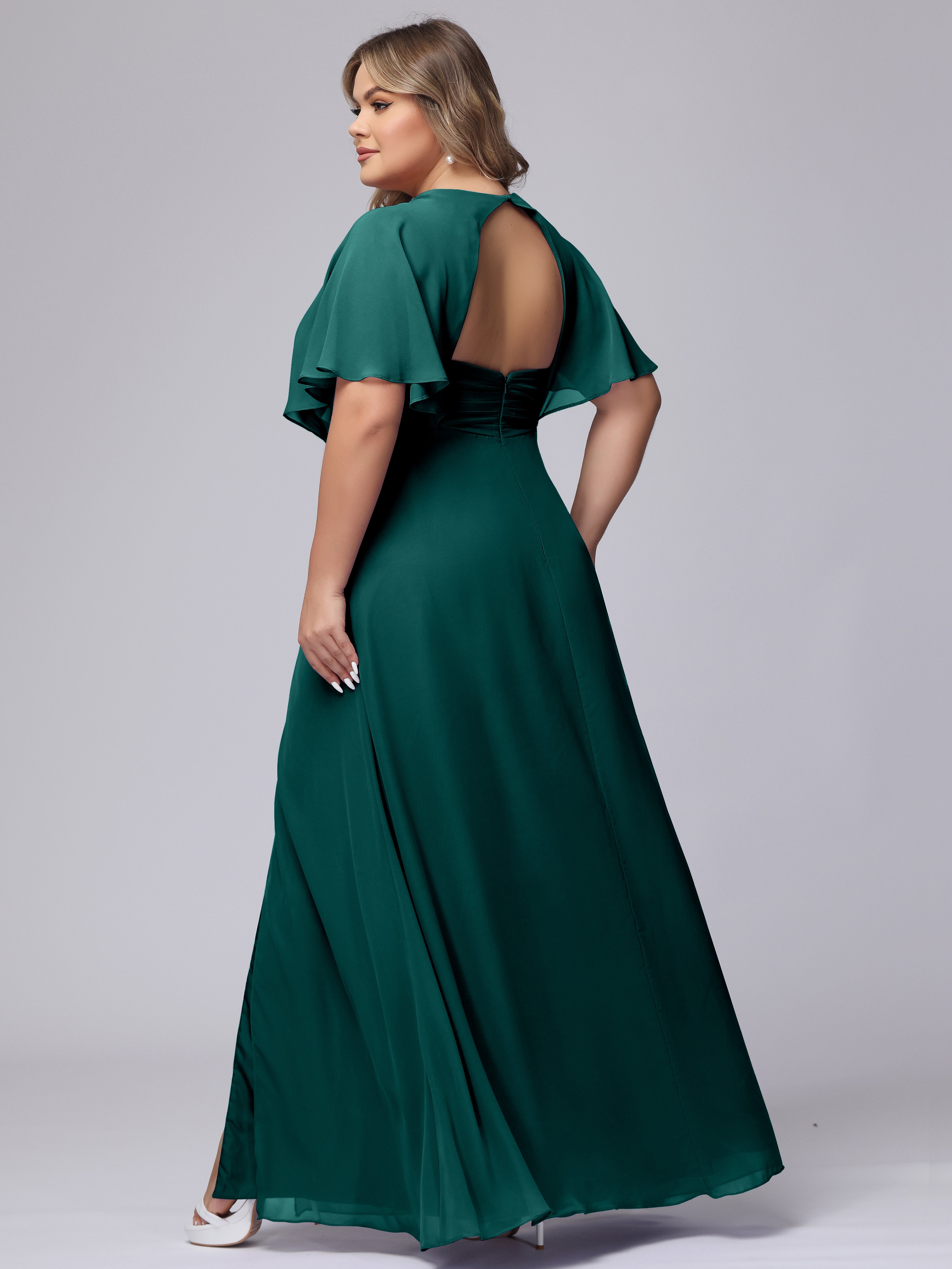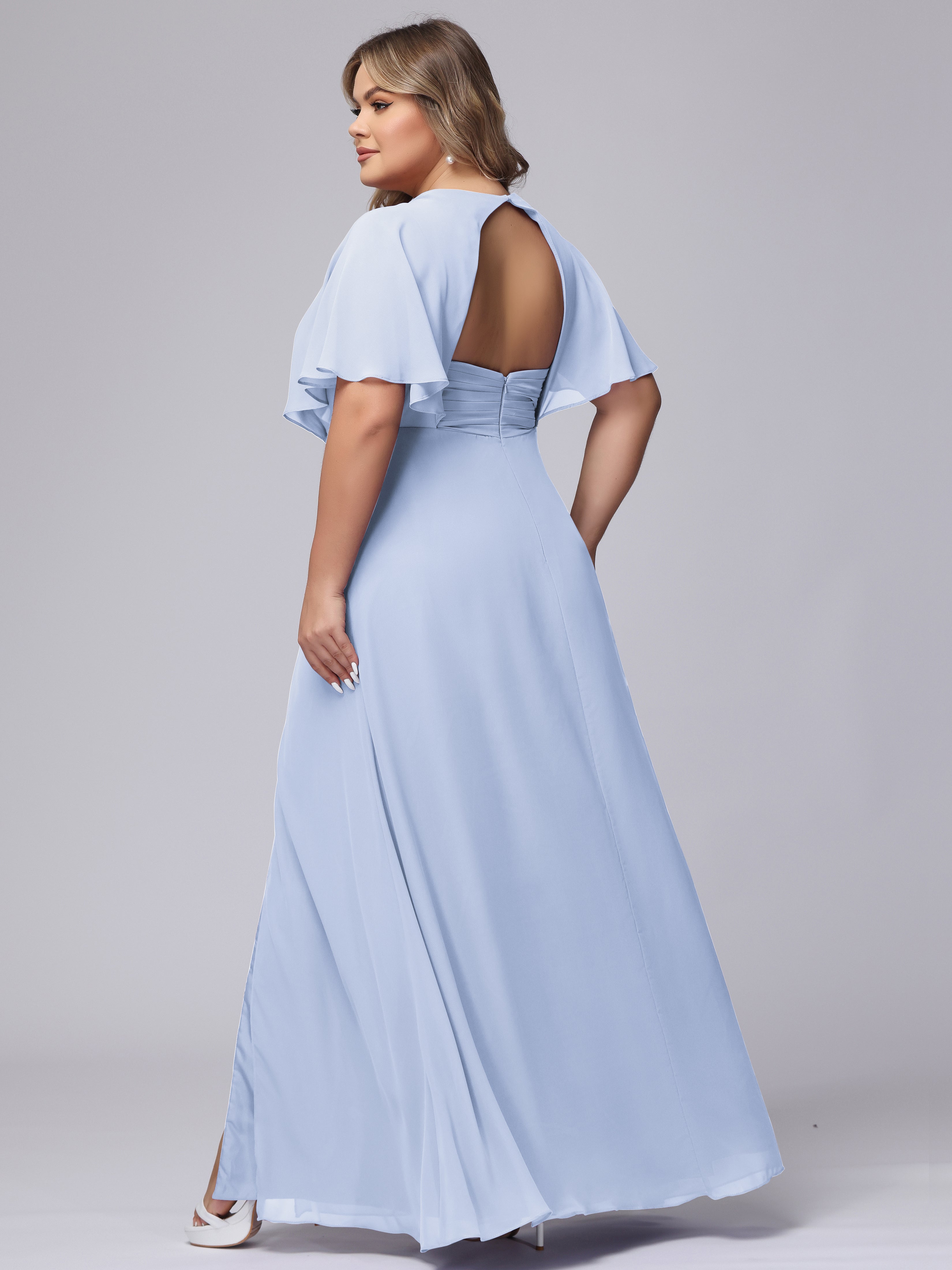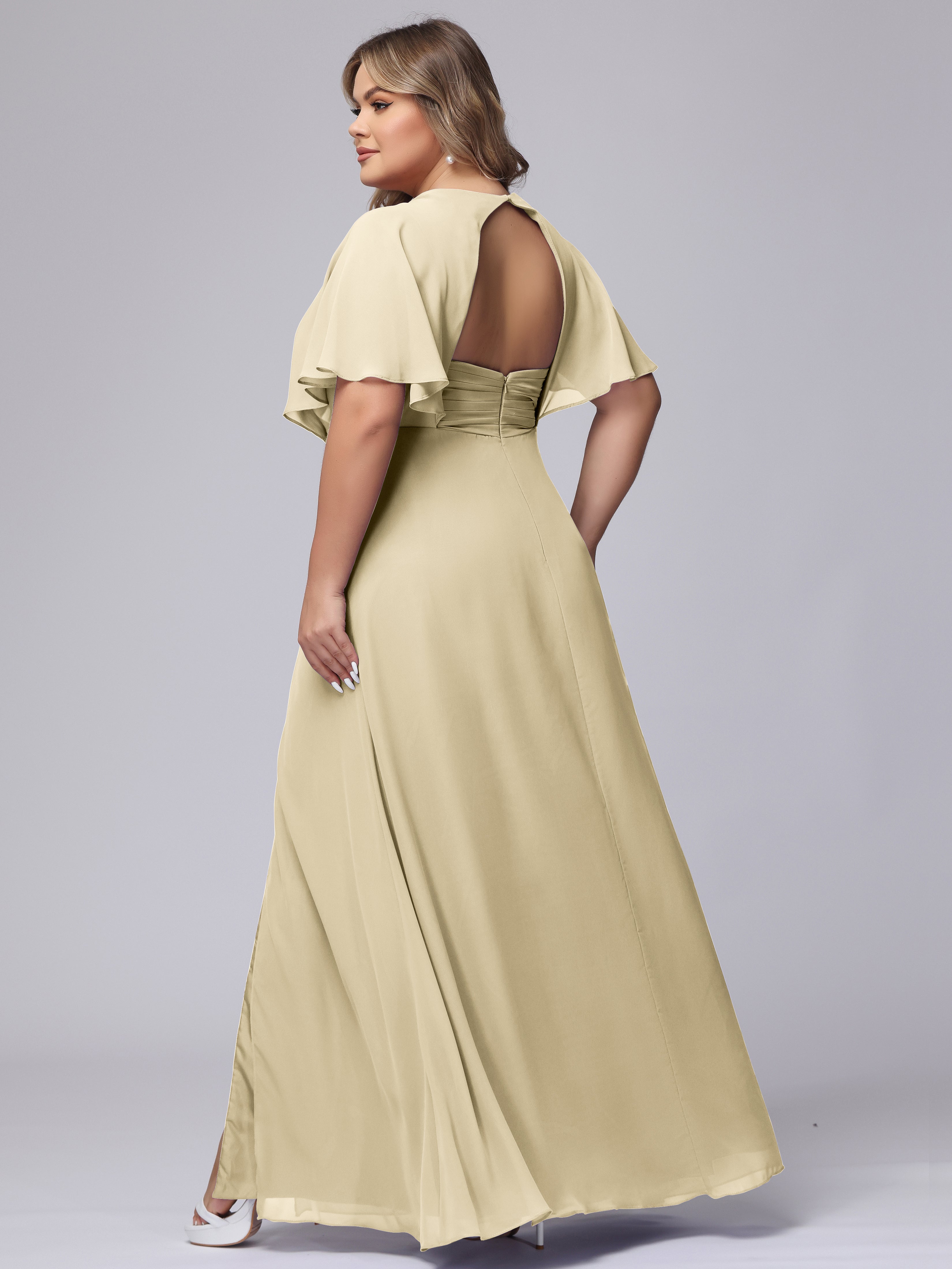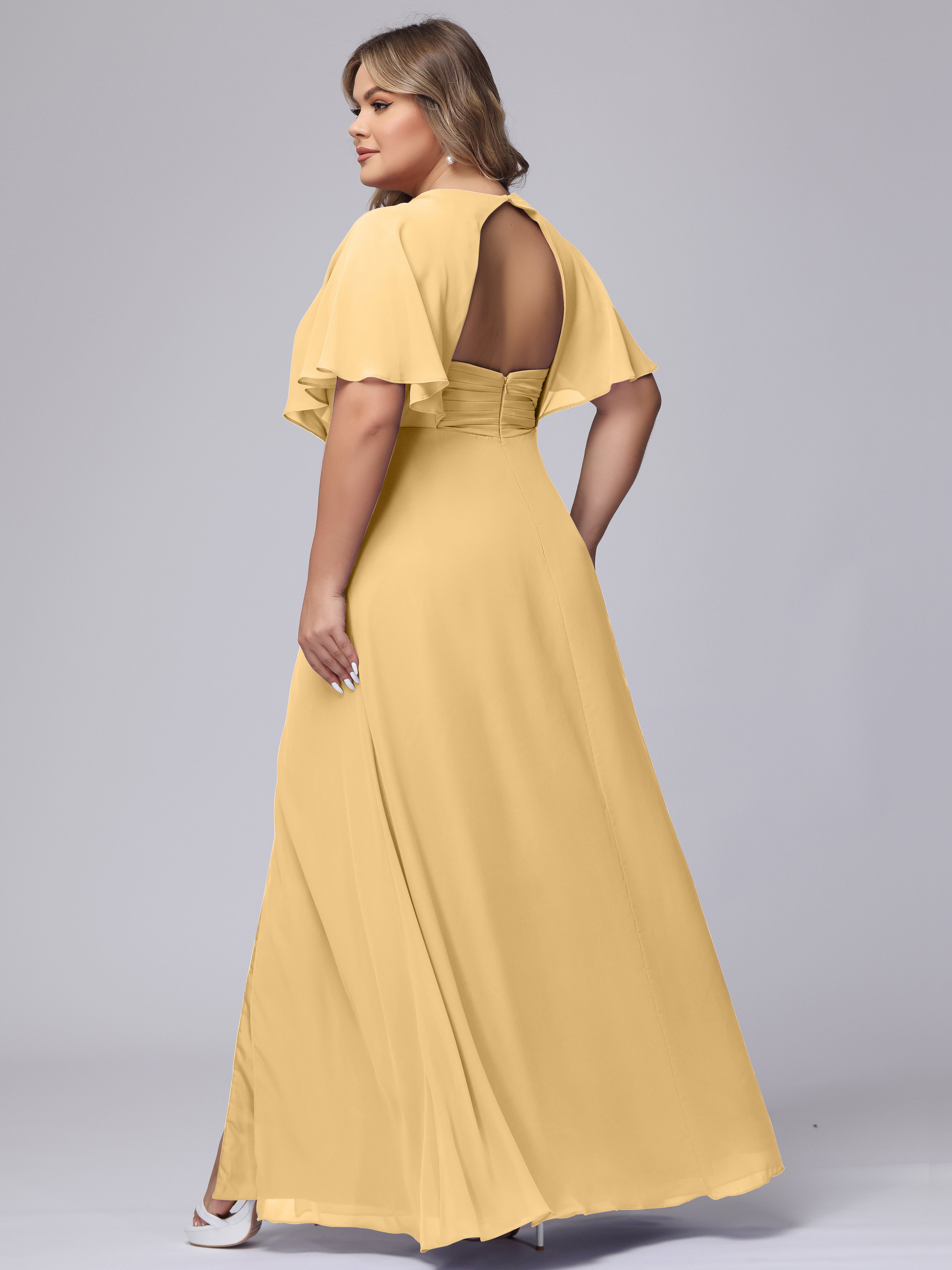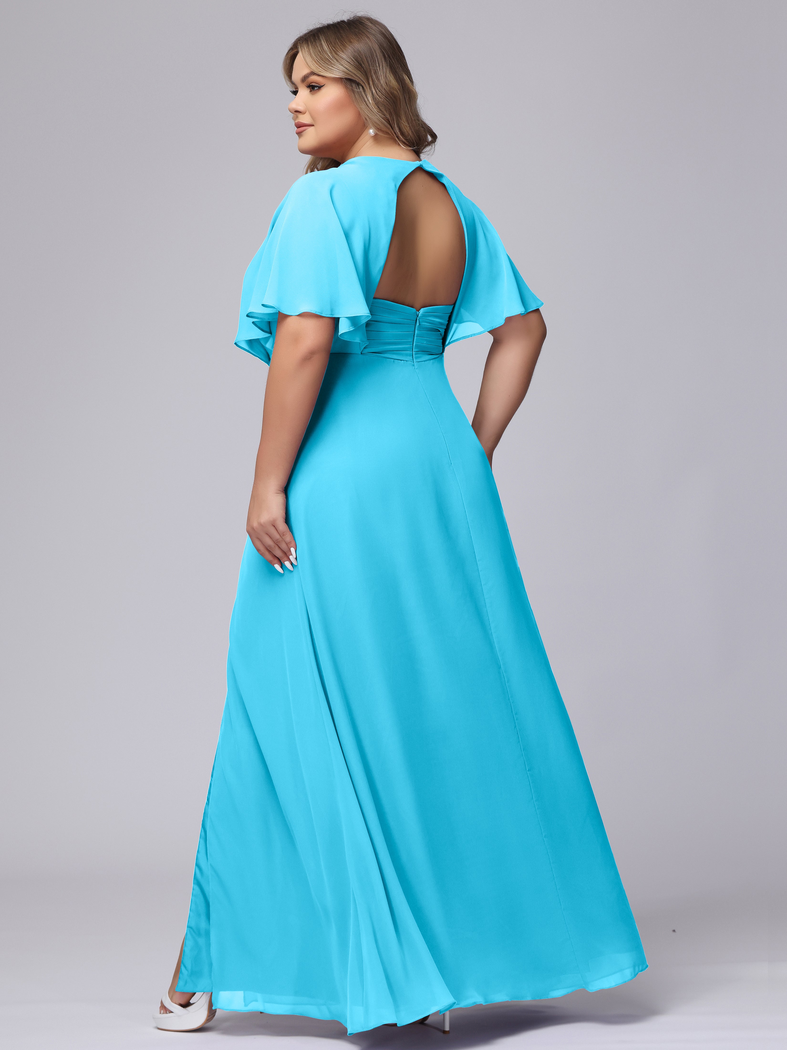 V-Neck Chiffon Short Sleeves Plus Size Bridesmaid Dresses
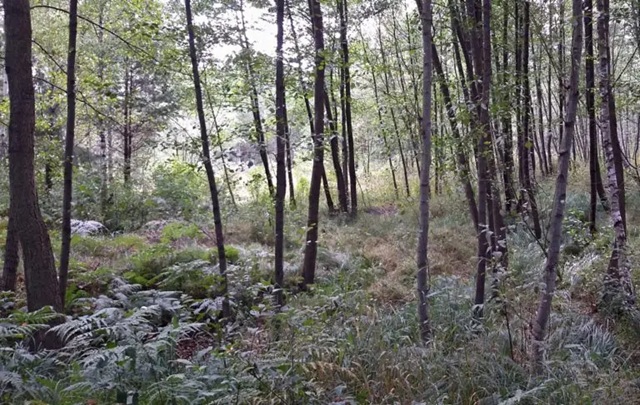Foto: porost z přirozené obnovy ve věku cca 30 let, ve kterém je bříza ponechána jako cílová a zároveň výchovná dřevina; foto O. Špulák
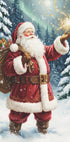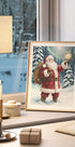 Santa se pohybuje zasněženým lesem, jeho červený kabát září proti tmavým jedlím, zatímco hvězdy a tiché sněžení vytvářejí kouzelný okamžik. Poetická pocta kouzlu zimy od Andrease Magnussona s ikonickým Santa Clausem uprostřed. Dokonalá dávka vánoční nálady. Stvořeno pro pohodové prosincové dny.
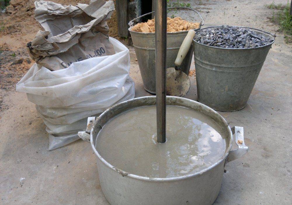 - В ведре или другой емкости замешивают раствор, состоящий из 7 кг цемента, 8 кг щебенки, 10 кг песка, 3,5 л воды.
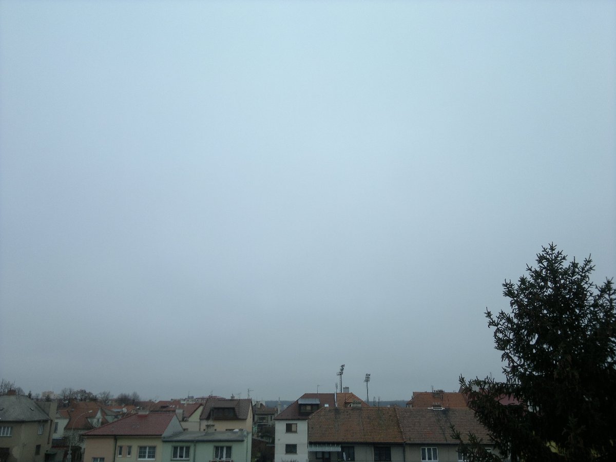Oblačnost 100%, zákl.mraků 598m, tlak 1025,2hPa, dohlednost 1,5km, vlhkost 96,9%, ZSZ větřík 282° 1,9m/s(2 Bft).
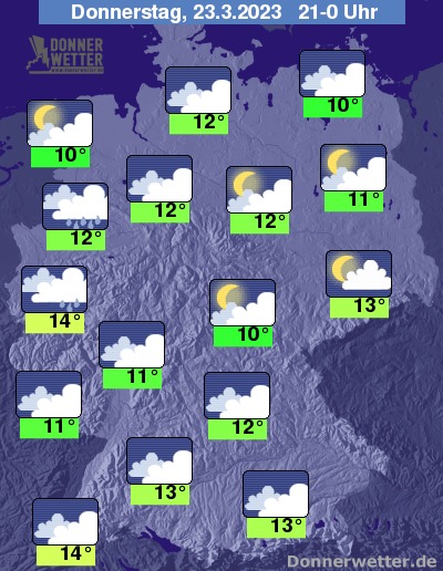 Die Temperaturen gehen bis Mitternacht auf Werte um 14 bis 10 Grad zurück.
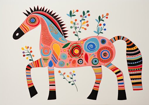 horses painted in folk art style
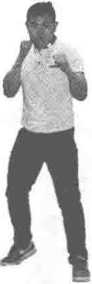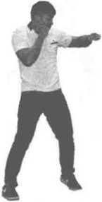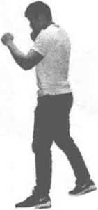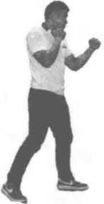 左直拳动作要领预备姿势为正架势即左脚、左手在前(以下均同),右脚微蹬地面重心微向前脚移动。同时左拳直线向前冲出力达拳面(见图4-1-1、图4-1-2)
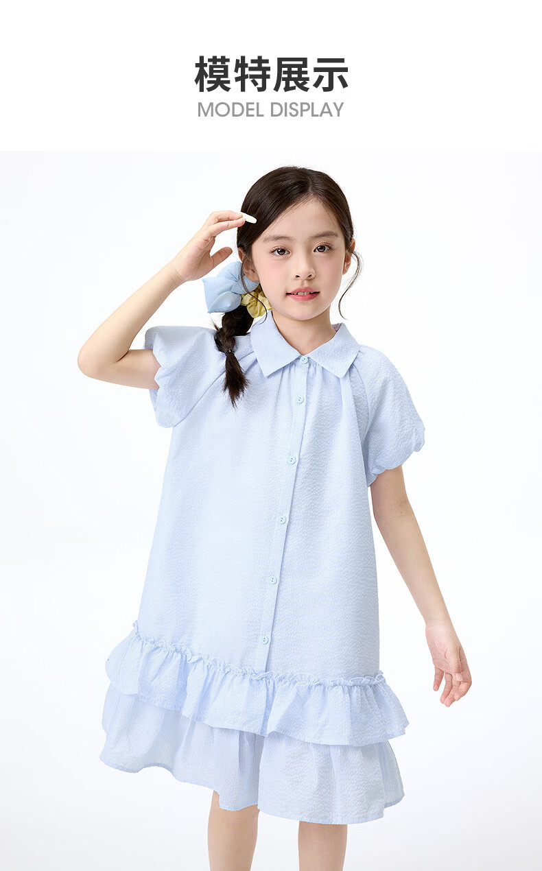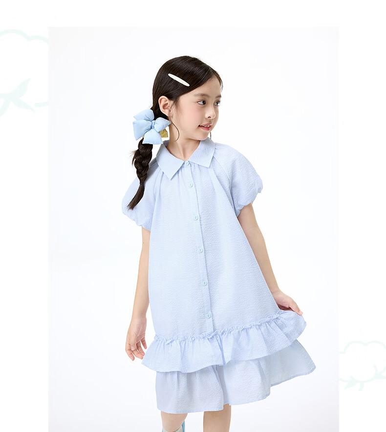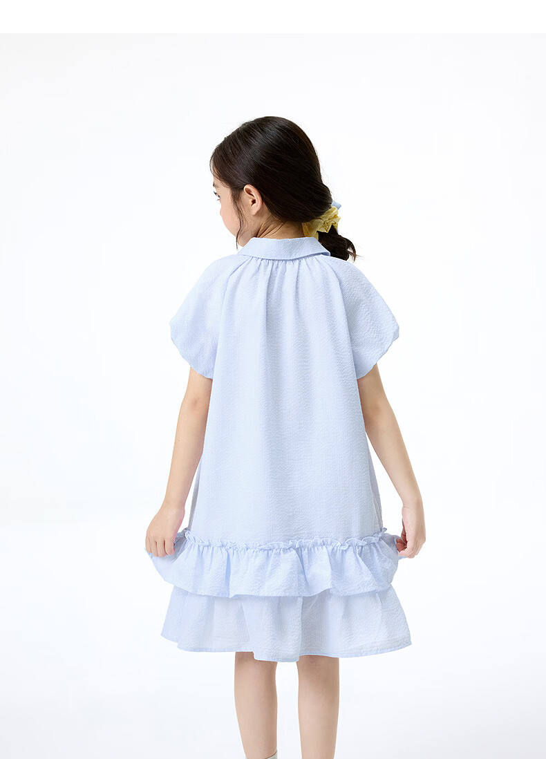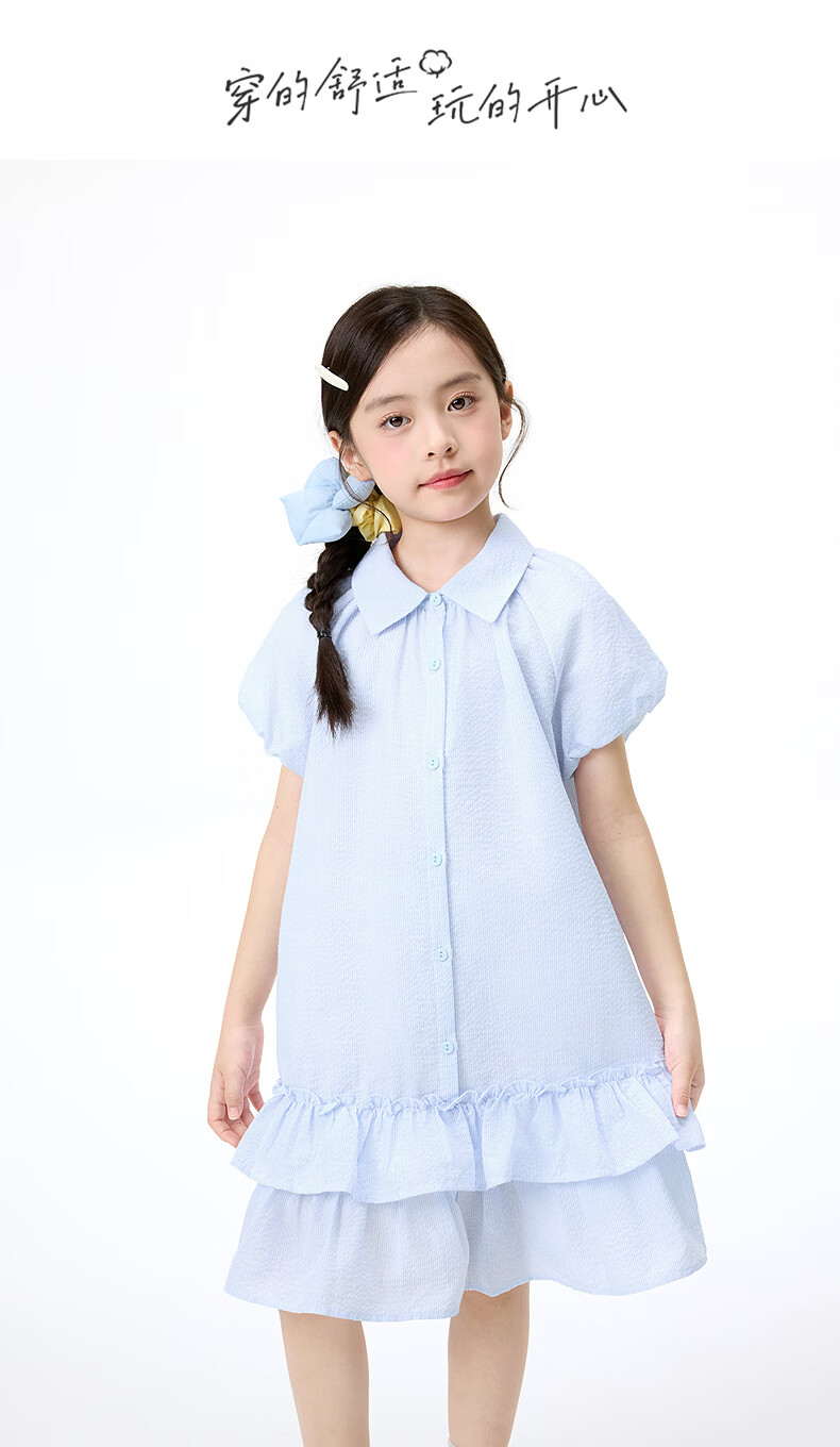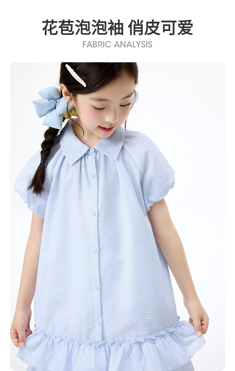 Xiaoyinman children's clothing girls cute puff sleeve dress 26 mid-summer big children's shirt lapel comfortable casual skirt blue strip 110

* [WHAT IS BEING ASKED]: In the listing above, find the line containing "Foto: porost z" and the line containing "Santa se pohybuje". Print those two lines and every line between them exactly, with no pictures.

* [RESPONSE BELOW]:
Foto: porost z přirozené obnovy ve věku cca 30 let, ve kterém je bříza ponechána jako cílová a zároveň výchovná dřevina; foto O. Špulák
 Santa se pohybuje zasněženým lesem, jeho červený kabát září proti tmavým jedlím, zatímco hvězdy a tiché sněžení vytvářejí kouzelný okamžik. Poetická pocta kouzlu zimy od Andrease Magnussona s ikonickým Santa Clausem uprostřed. Dokonalá dávka vánoční nálady. Stvořeno pro pohodové prosincové dny.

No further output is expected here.